When misused, generative AI can act like a powerful surveillance or exfiltration tool. Employees pasting confidential files or prompts with personal identifiers into external models can leak trade secrets and personal data. Models trained or fine‑tuned on collected inputs can unintentionally retain or expose sensitive information.

Malicious prompts can coax models to reveal training data or infer sensitive attributes from innocuous inputs.
Integrated AI agents could continuously analyze communications or documents, creating pervasive profiling without proper notice or legal basis.

We had employees who used attractive free prompt tools to quickly solve work tasks, but those pages harvested sensitive strategic and personal data which competitors or third parties later exploited. Multiple employees across companies pasted different sensitive data sets (medical visits, medicines, groceries, travel) into the same popular prompt tool using a shared identifier, enabling the service to stitch those inputs into a single, identifiable profile. Not realistic? And what most of us are doing in ChatGPT or Claude? That aggregation created a privacy and security breach with serious re-identification, compliance, and competitive risks. And the question is how much we can trust ChatGPT or Claude.

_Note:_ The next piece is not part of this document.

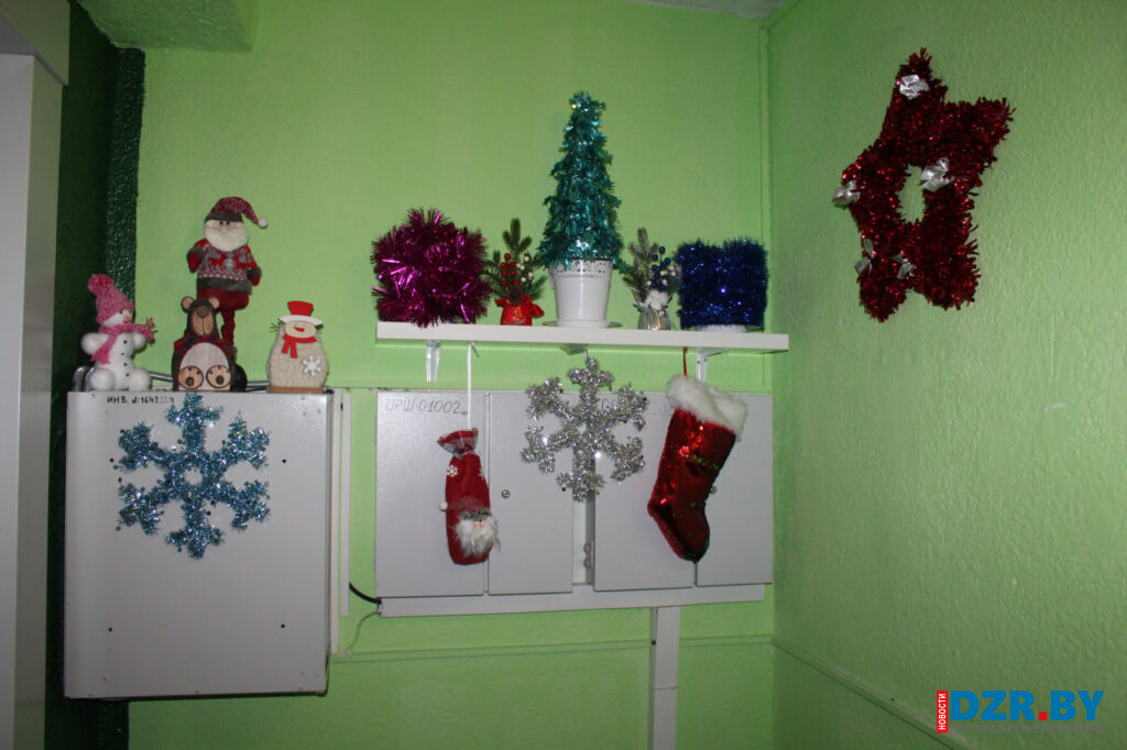 — Каждый раз подъезд мы украшаем к Новому году. Все делается за счет средств жителей дома. Мы этим гордимся. Нам это нравится. Все в этом активно принимают участие, — рассказала жительница Наталья Пушкаревич. — Больше украшений у нас на первом этаже, так как через него проходят все. Но украшаем и до девятого этажа.

When widely used without controls, generative AI tools can unintentionally act as powerful aggregation and profiling systems, turning many small, seemingly harmless inputs into detailed, identifiable user profiles. Organizations should treat prompt-entry points as potential data-collection vectors and enforce strict policies, vetted internal tools, and monitoring to prevent cross-source re-identification and misuse.

Use private/on‑premise models or enterprise offerings that prohibit reuse of uploaded data. It’s the only healthy solution.